Data4Democracy / discursive

Twitter topic search and indexing with Elasticsearch
21 stars 11 forks source link

Build core NLP capability for analyzing Tweets #17

Closed hadoopjax closed 7 years ago

hadoopjax commented 7 years ago

This is a placeholder for the design (and associated discussion) of our foundational NLP capability to analyze collected Tweets. Divya (@divya on Slack) and Wendy (@wwymak on Slack) will be taking the lead with support from anyone/everyone else who wants to help! The goal will be to publish a proposed design for the implementation to this issue later this week and get feedback from the community. Anyone else who's interested in participating please don't hesitate to contact them.

divyanair91 commented 7 years ago

hey! excited to get started! i had pinged a bit with @hadoopjax on some ideas. here are some initial resources/ideas.

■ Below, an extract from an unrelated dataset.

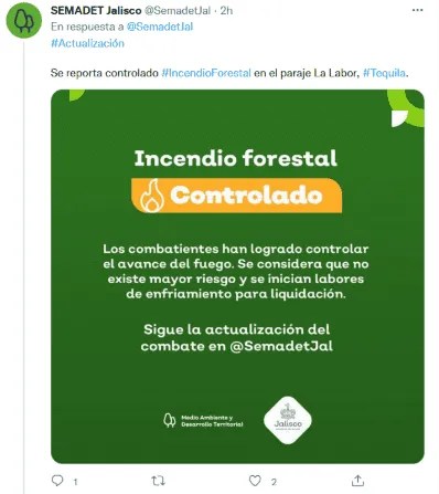 A las 10:30, la Semadet detalló que ya estaba controlado el fuego, sin embargo, minutos después se informó que se activó la alerta atmosférica en Tequila y Amatitán por los rezagos y humo que dejó el incendio en la zona de La Labor.

using this paper as a starting point: https://homes.cs.washington.edu/~mausam/papers/emnlp11.pdf

  1. they’ve got some great points that off the shelf parsers are really not going to cut it for social data because the structure of social data and tweets in particular is very unique. in addition they refer over and over to their annotated data sets being the key to their success (see this link: https://github.com/aritter/twitter_nlp/tree/master/data/annotated) — i think a first step will be to take a basic look at their training set vs ours using things like nltk/spacy and see if we trust an externally trained POS tagger vs building our own

  2. i’m mainly familiar with nltk myself but open to learning new tools like spacy so we’re on common ground. but this paper you shared with me actually mentions mallet (which i know of another team at my company using to great success) which is actually a java package but there are wrappers available for python. it uses LDA to find naturally occurring topics. — this might be a great second step especially since we’re looking at making some really sensitive claims on groups of people. instead of making our own assumptions about grouping, let the algorithm group conversation for us and we can see what we make of it from there.

wwymak commented 7 years ago

two other interesting papers around twitter:

http://fredericgodin.com/papers/Named%20Entity%20Recognition%20for%20Twitter%20Microposts%20using%20Distributed%20Word%20Representations.pdf

http://fredericgodin.com/papers/Alleviating%20Manual%20Feature%20Engineering%20for%20Part-of-Speech%20Tagging%20of%20Twitter%20Microposts%20using%20Distributed%20Word%20Representations.pdf

the first paper came with a gensim word2vec model trained on tweets which may come in handy for comparing 'normal' tweets vs tweets we are targetting

divyanair91 commented 7 years ago

@wwymak and I got together today and we proposed some jumping off points for anyone looking to get involved in this project. First thing we need to do is refine our corpus into an easy to use format and lay down the exploratory groundwork steps detailed below to understand what we're working with and arm us with the info to make a decision on how to move forward.

We volunteer to tackle steps 1 and 2 and keep updating new issues here.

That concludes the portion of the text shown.